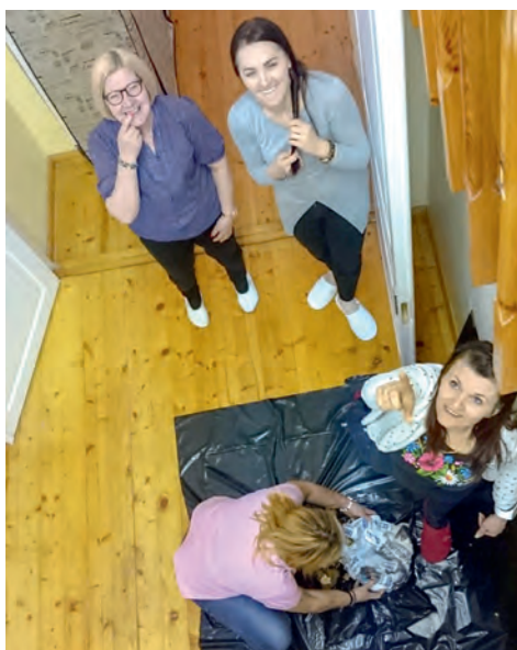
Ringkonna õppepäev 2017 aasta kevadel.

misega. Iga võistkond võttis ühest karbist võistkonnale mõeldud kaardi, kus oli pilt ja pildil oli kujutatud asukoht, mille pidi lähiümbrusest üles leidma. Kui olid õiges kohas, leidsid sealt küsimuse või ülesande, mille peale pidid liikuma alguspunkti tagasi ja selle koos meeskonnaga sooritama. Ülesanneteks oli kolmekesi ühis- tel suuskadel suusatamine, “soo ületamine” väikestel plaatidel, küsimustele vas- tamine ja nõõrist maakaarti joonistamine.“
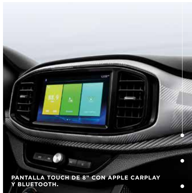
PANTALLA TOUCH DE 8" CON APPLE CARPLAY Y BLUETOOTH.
---
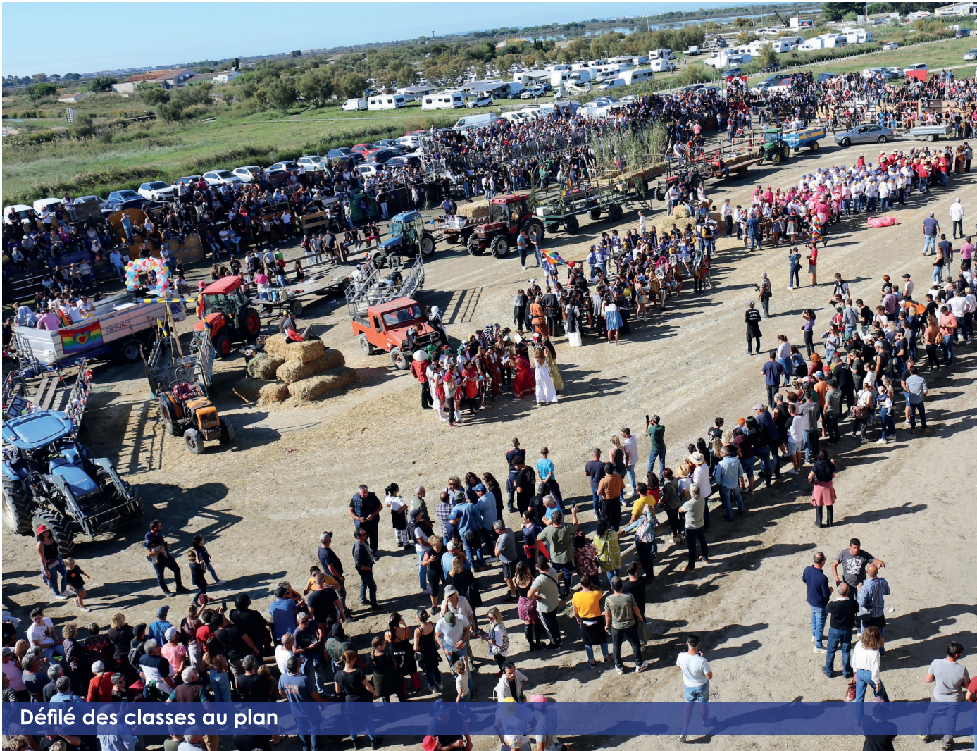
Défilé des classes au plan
==
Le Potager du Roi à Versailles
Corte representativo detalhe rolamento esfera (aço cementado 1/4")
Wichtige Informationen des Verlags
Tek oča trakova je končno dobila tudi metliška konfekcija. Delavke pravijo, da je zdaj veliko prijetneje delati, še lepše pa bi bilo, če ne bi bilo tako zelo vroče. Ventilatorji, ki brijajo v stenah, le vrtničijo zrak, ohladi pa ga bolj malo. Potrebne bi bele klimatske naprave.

### Your goal
The lines to reproduce run from the one above containing "Ringkonna õppepäev 2017 aasta kevadel." through the one containing "PANTALLA TOUCH DE". Copy them exactly and leave out all pictures.

### Result of the exercise
Ringkonna õppepäev 2017 aasta kevadel.

misega. Iga võistkond võttis ühest karbist võistkonnale mõeldud kaardi, kus oli pilt ja pildil oli kujutatud asukoht, mille pidi lähiümbrusest üles leidma. Kui olid õiges kohas, leidsid sealt küsimuse või ülesande, mille peale pidid liikuma alguspunkti tagasi ja selle koos meeskonnaga sooritama. Ülesanneteks oli kolmekesi ühis- tel suuskadel suusatamine, “soo ületamine” väikestel plaatidel, küsimustele vas- tamine ja nõõrist maakaarti joonistamine.“
PANTALLA TOUCH DE 8" CON APPLE CARPLAY Y BLUETOOTH.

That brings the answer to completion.